**** Entries provided

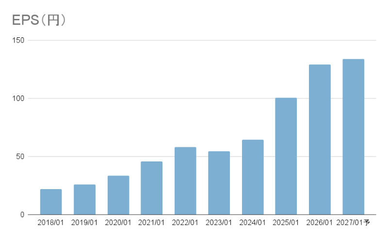 2025年以降のEPSの伸びには、利益の増加に加えて、2024年の自社株消却による株式数の減少も影響していると考えられます。
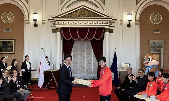 株式会社ジェイエア(本社:大阪府池田市、代表取締役社長:武井 真剛、以下「J-AIR」)所属の太田 歩(おおた あゆむ)選手が、国際スポーツ大会「東京2025デフリンピック」での活躍を評価され、大阪府より「大阪感動大賞」を受賞しました。2022年のブラジル大会に続き、自身2度目の受賞となります。本日、大阪府庁舎にて執り行われた贈呈式では、府民に深い感動を与えたとして賞詞が授与されました。
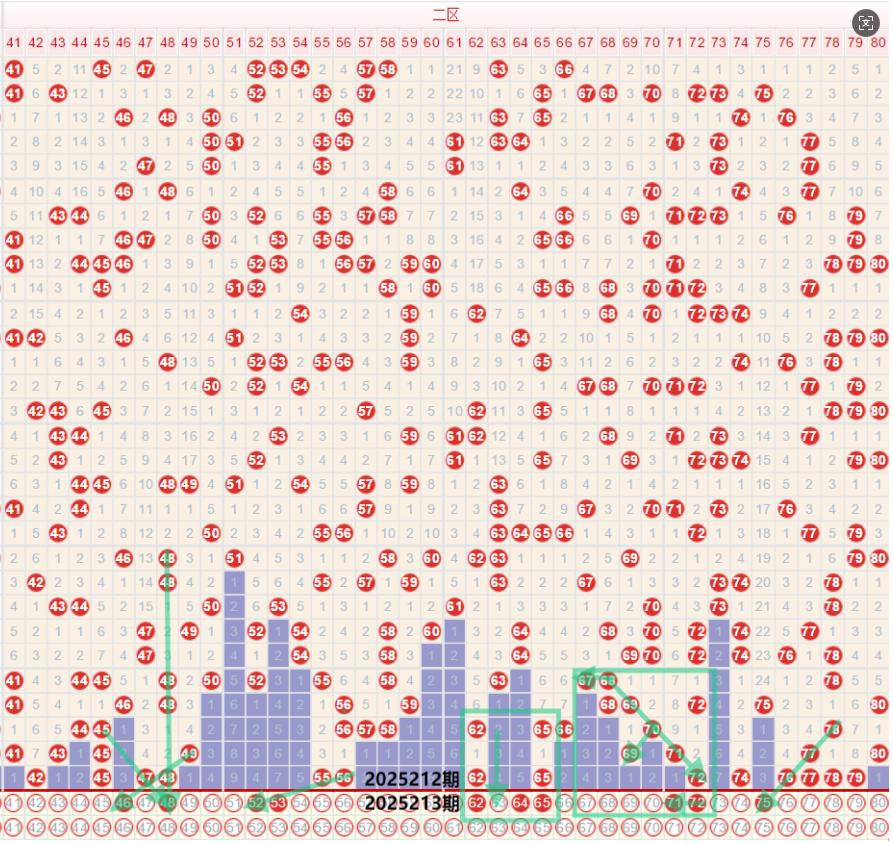 如图所示:在本期大数区的选号中注意在上期的走势中三区间开出了6枚中奖号码,在近期的走势中三区间的落号数量相对保持的还是比较稳定的,上下浮动值不大,在上期开出6枚中奖号码之后,本期注意落号数量的小幅度下调走势,重点在上期开出42 45 47 48的位置下方考虑做号,5字头在经过断号之后,上期开出了二连的回补,本期注意在上期开出55 56的位置左右方直接考虑连号的延续走势52 53或者是58 59,个人较为看好断点的形态走势,四区间在上期的开奖结果中开出了8枚中奖号码,仅7字头的落号数量就高达6枚,形成了2/4区同位的交换走势,本期注意在上期3字头爆号之后,并未出现重号走势,3字头仅开出了一枚中奖号码,本期要注意在上期爆号的小区段内有着断号的风险,但是还是要注意75号的延续第四期走势,以及71号的折返走势,考虑71 72的二连走势,或者是在71 72 75的三码中考虑双码的走势,6字头上开出62 65的同路双码走势,本期建议优先考虑62 65的同路双重走势,或者是考虑近期形态上较热的走势,出现左右延续走势,注意59 68的单点走势,如果考虑62 65的位置出现重号走势,可考虑二连的落号形态。
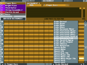 La música en formato MIDI se basa en guardar una representación númerica de las notas y su duración y el número de instrumento elegido. Es por esto que la lista de instrumentos es fija y su tipo de sonido depende del chip sintetizador de la tarjeta de sonido. En el caso de la época DOS era muy común las tarjetas Sound Blaster, con su chip Yamaha, y las Adlib.
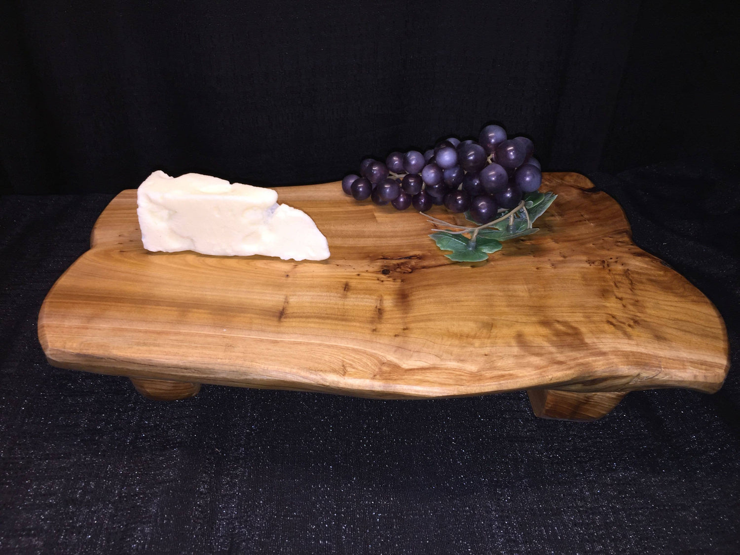 All of our root wood collection are hand-crafted from reclaimed Cyprus stumps. Each piece is unique. These are coated with a water-based lacquer that is food safe. Just wash with soap and water. Size: 8-10" / 16" / 2".
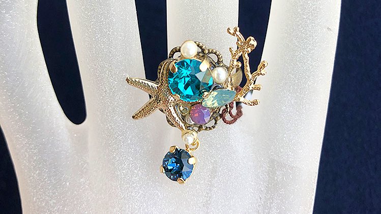 ✴︎海の生物をモチーフにした物語性のあるリング🐠✨海底に沈んだ宝箱のように、キラキラが沢山詰め込まれています🐚✨
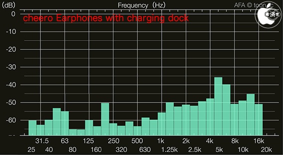 トオンのiPhone用オーディオ測定アプリ「Audio Frequency Analyzer」を使用し、YouTubeにある「20Hz to 20kHz (Human Audio Spectrum)」を再生し、1/3オクターブ・スケールで対数表示してみました。

********

# [Your task]
Within the entries above, the lines from the one with "45 47 48的位置下方考虑做号,5字头在经过断号之后,上期开出了二连的回补,本期注意在上期开出55" through the final line are to be printed exactly, with the pictures removed.

# [Task response]
 如图所示:在本期大数区的选号中注意在上期的走势中三区间开出了6枚中奖号码,在近期的走势中三区间的落号数量相对保持的还是比较稳定的,上下浮动值不大,在上期开出6枚中奖号码之后,本期注意落号数量的小幅度下调走势,重点在上期开出42 45 47 48的位置下方考虑做号,5字头在经过断号之后,上期开出了二连的回补,本期注意在上期开出55 56的位置左右方直接考虑连号的延续走势52 53或者是58 59,个人较为看好断点的形态走势,四区间在上期的开奖结果中开出了8枚中奖号码,仅7字头的落号数量就高达6枚,形成了2/4区同位的交换走势,本期注意在上期3字头爆号之后,并未出现重号走势,3字头仅开出了一枚中奖号码,本期要注意在上期爆号的小区段内有着断号的风险,但是还是要注意75号的延续第四期走势,以及71号的折返走势,考虑71 72的二连走势,或者是在71 72 75的三码中考虑双码的走势,6字头上开出62 65的同路双码走势,本期建议优先考虑62 65的同路双重走势,或者是考虑近期形态上较热的走势,出现左右延续走势,注意59 68的单点走势,如果考虑62 65的位置出现重号走势,可考虑二连的落号形态。
 La música en formato MIDI se basa en guardar una representación númerica de las notas y su duración y el número de instrumento elegido. Es por esto que la lista de instrumentos es fija y su tipo de sonido depende del chip sintetizador de la tarjeta de sonido. En el caso de la época DOS era muy común las tarjetas Sound Blaster, con su chip Yamaha, y las Adlib.
 All of our root wood collection are hand-crafted from reclaimed Cyprus stumps. Each piece is unique. These are coated with a water-based lacquer that is food safe. Just wash with soap and water. Size: 8-10" / 16" / 2".
 ✴︎海の生物をモチーフにした物語性のあるリング🐠✨海底に沈んだ宝箱のように、キラキラが沢山詰め込まれています🐚✨
 トオンのiPhone用オーディオ測定アプリ「Audio Frequency Analyzer」を使用し、YouTubeにある「20Hz to 20kHz (Human Audio Spectrum)」を再生し、1/3オクターブ・スケールで対数表示してみました。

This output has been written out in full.